[Input]

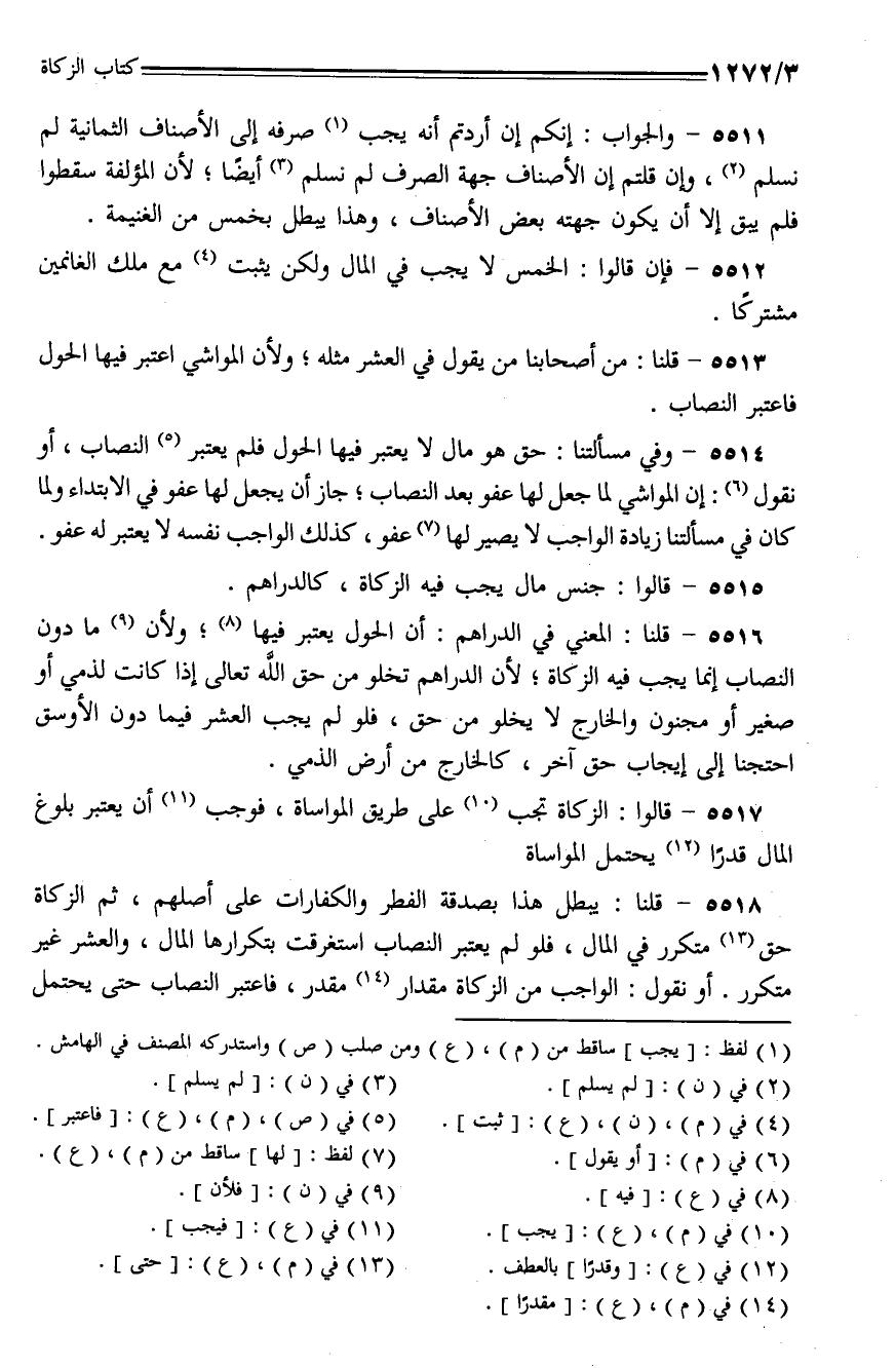 5518 - قلنا: يبطل هذا بصدقة الفطر والكفارات على أصلهم، ثم الزكاة حق متكرر في المال، فلو لم يعتبر النصاب استغرقت بتكرارها المال، والعشر غير متكرر. أو نقول: الواجب من الزكاة مقدار مقدر، فاعتبر النصاب حتى يحتمل
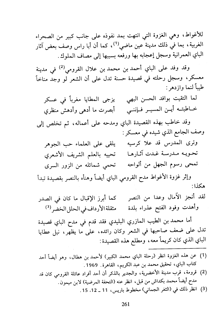 وقد وفد على الباي أحمد بن محمد بن علال القرومي (¬2) في مدينة معسكر، وسجل رحلته في قصيدة حسنة تدل على أن الشعر لو وجد مناخا طيبا لنما وازدهر:
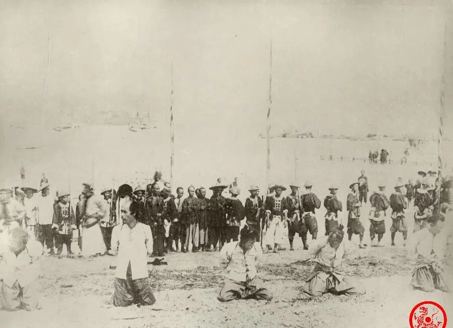 说到狠场面,这张照片是江洋大盗跪地待处决,地上几行汉子膝盖磕着地,手被反缚,全是当年闹过南武号劫案的主脑和喽啰,背后看热闹的人把圈围得严实,衙役撑着腰,提刀有人、看热闹的更多,那年代大案一落幕,场面得隆重,谁也跑不脱,执行时场面肃静,下手却丝毫不含糊,父亲翻老书说,这样的阵仗镇住一条街,打小见了娃都吓得不敢哭。
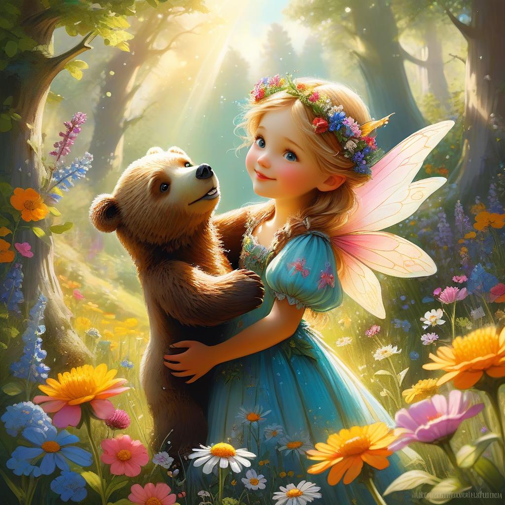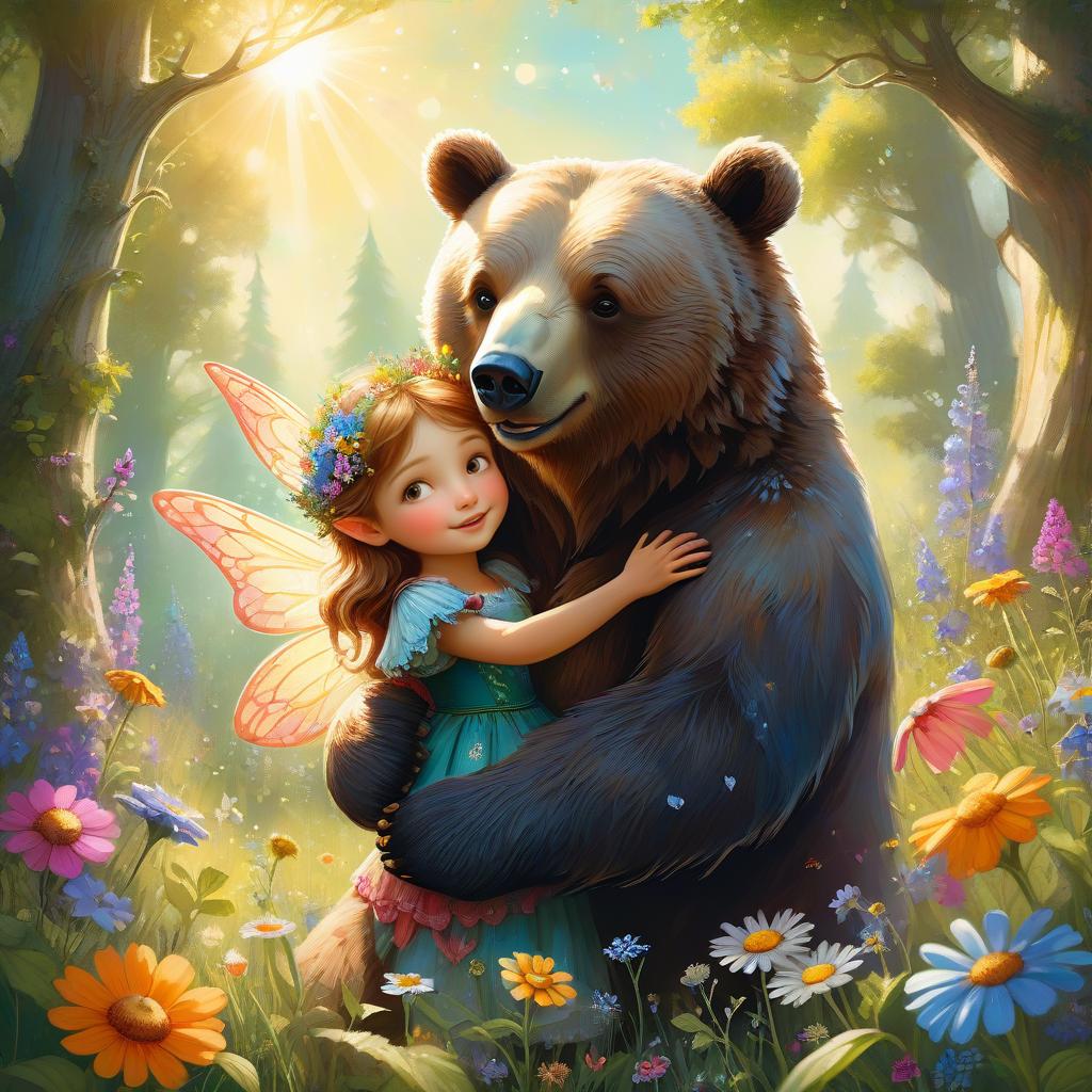 A lovely fairy being held by a friendly bear, in a sunlit glade, painted in cheerful, highly detailed children’s illustration, featuring bright expressions and blooming wildflowers
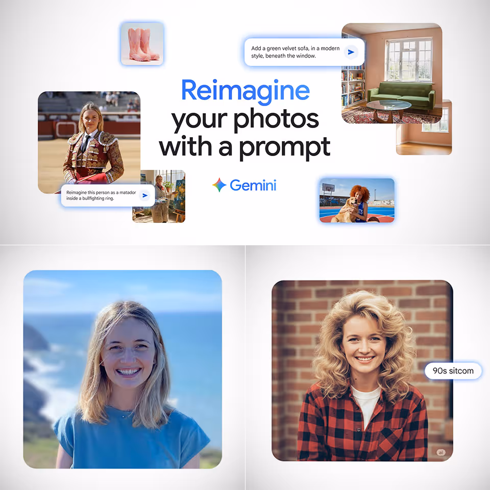 Para el usuario común, la experiencia es la de un estudio de diseño dialogado: cargas tu foto, pides “ponme un traje de los 90 sin tocar la cara”, “mezcla esta habitación con el estilo de este catálogo”, “pega a mi perro en este paisaje y deja su pelaje igual”, y Gemini iterará contigo hasta pulir el resultado. Para equipos creativos, el valor está en consistencia de marca (misma persona u objeto en múltiples escenarios) y en acelerar bocetaje y versiones sin salir de la conversación. Todo esto se puede probar desde la app y el sitio de Gemini y, si se quiere construir sobre ello, en Google AI Studio con plantillas listas para “remixar” y desplegar.
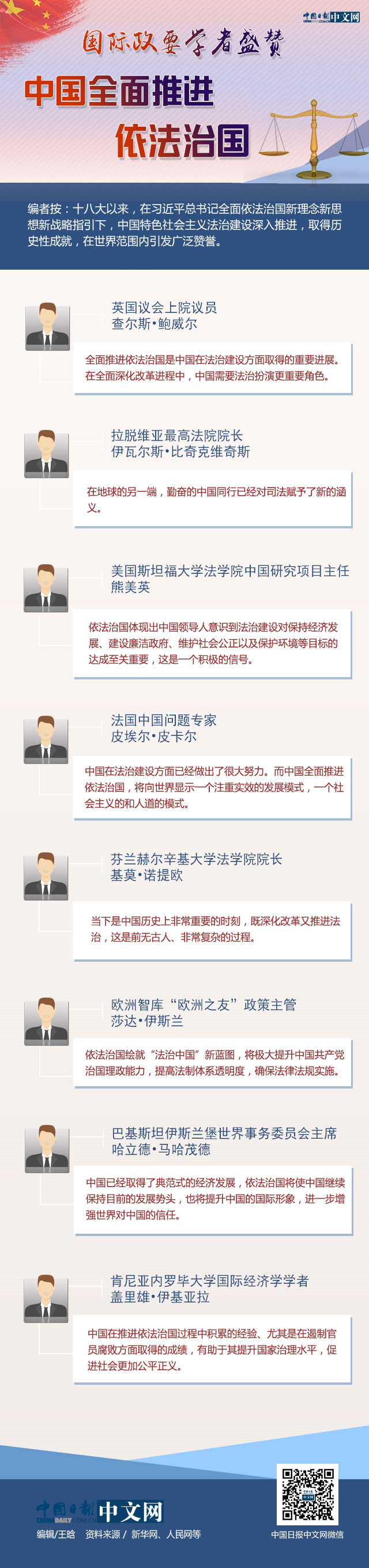 國際政要學(xué)者盛贊中國全面推進依法治國

[/Input]

• Your objective: What is needed is an exact printout of all the entries, without the pictures.

• Answer area:
 5518 - قلنا: يبطل هذا بصدقة الفطر والكفارات على أصلهم، ثم الزكاة حق متكرر في المال، فلو لم يعتبر النصاب استغرقت بتكرارها المال، والعشر غير متكرر. أو نقول: الواجب من الزكاة مقدار مقدر، فاعتبر النصاب حتى يحتمل
 وقد وفد على الباي أحمد بن محمد بن علال القرومي (¬2) في مدينة معسكر، وسجل رحلته في قصيدة حسنة تدل على أن الشعر لو وجد مناخا طيبا لنما وازدهر:
 说到狠场面,这张照片是江洋大盗跪地待处决,地上几行汉子膝盖磕着地,手被反缚,全是当年闹过南武号劫案的主脑和喽啰,背后看热闹的人把圈围得严实,衙役撑着腰,提刀有人、看热闹的更多,那年代大案一落幕,场面得隆重,谁也跑不脱,执行时场面肃静,下手却丝毫不含糊,父亲翻老书说,这样的阵仗镇住一条街,打小见了娃都吓得不敢哭。
 A lovely fairy being held by a friendly bear, in a sunlit glade, painted in cheerful, highly detailed children’s illustration, featuring bright expressions and blooming wildflowers
 Para el usuario común, la experiencia es la de un estudio de diseño dialogado: cargas tu foto, pides “ponme un traje de los 90 sin tocar la cara”, “mezcla esta habitación con el estilo de este catálogo”, “pega a mi perro en este paisaje y deja su pelaje igual”, y Gemini iterará contigo hasta pulir el resultado. Para equipos creativos, el valor está en consistencia de marca (misma persona u objeto en múltiples escenarios) y en acelerar bocetaje y versiones sin salir de la conversación. Todo esto se puede probar desde la app y el sitio de Gemini y, si se quiere construir sobre ello, en Google AI Studio con plantillas listas para “remixar” y desplegar.
 國際政要學(xué)者盛贊中國全面推進依法治國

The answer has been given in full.